К утру только пошел подчасок к пушечке и зрит: лежит часовой, безусловно, мертвый и кругом – кража.
Ох, и было же что тогда!
Морской подпоручик Винча тигрой на меня наскакивает, весь дежурный взвод ставит под винтовку и каждому велит в зубах по карте держать, а подчаску – веером три карты.

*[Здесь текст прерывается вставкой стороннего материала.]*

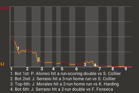 2 (22, 1st Inning off S. Collier, 1 on, 0 outs; 6th Inning off F. Fonseca, 2 on, 2 outs)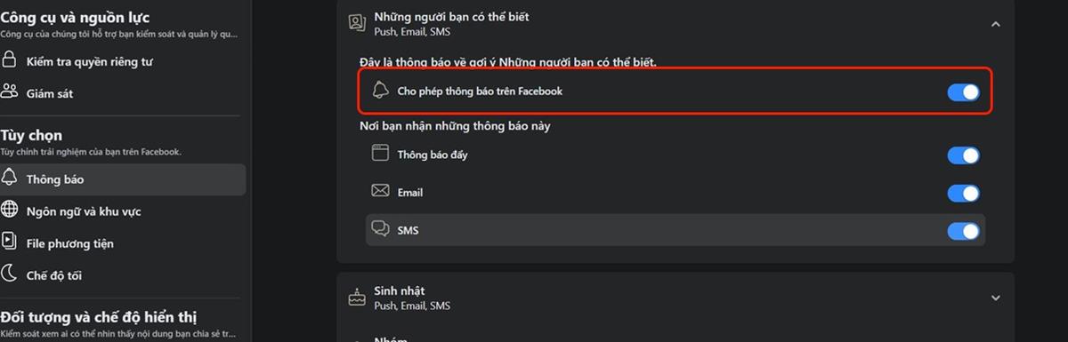 Bước 4: Ở Đây là thông báo gợi ý Những người bạn có thể biết > Tắt Cho phép thông báo trên Facebook. Nếu muốn bật lại chỉ nhấn lại vào đó.
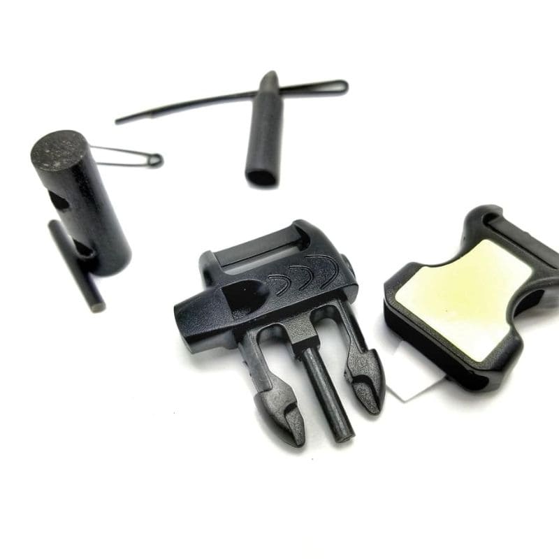 - Ceramic Striker Blade and Cutting Tool: Removable, secured inside buckle Zerconia, abrasion/corrosion resistant, non-dulling, razor sharp, non-metallic, concealed blade. (Strike against fire steel to create fire sparks, cut open packages, use as surgical blade, fillet fish, etc.)

А к вечеру едет – волнуется генерал ваше превосходительство.
Ничего себе, хороший генерал.
Взглянул на взвод, и гнев его прошел. Тридцать человек, как один, в зубах по карте держат.
Усмехнулся генерал.
– Выходи, – говорит, – отборные орлы, налетай на немцев, разоряй внешнего врага.
Вышли тут, запомнил, пять человек и я с ними. Генерал ваше превосходительство восхищается нами.
– Ночью, – говорит, – летите, отборные орлы. Режьте немецкую проволоку, изыскивайте хоть какой-нибудь пулемет и, если случится, – пушечкин затвор.
Хорошо-с…
К ночи мы и пошли.
Я-то играючи пошел. Мыслишку, во-первых, свою имел, а потом, имейте в виду, жизнь свою я не берег. Я, знаете ли, счастье вынул.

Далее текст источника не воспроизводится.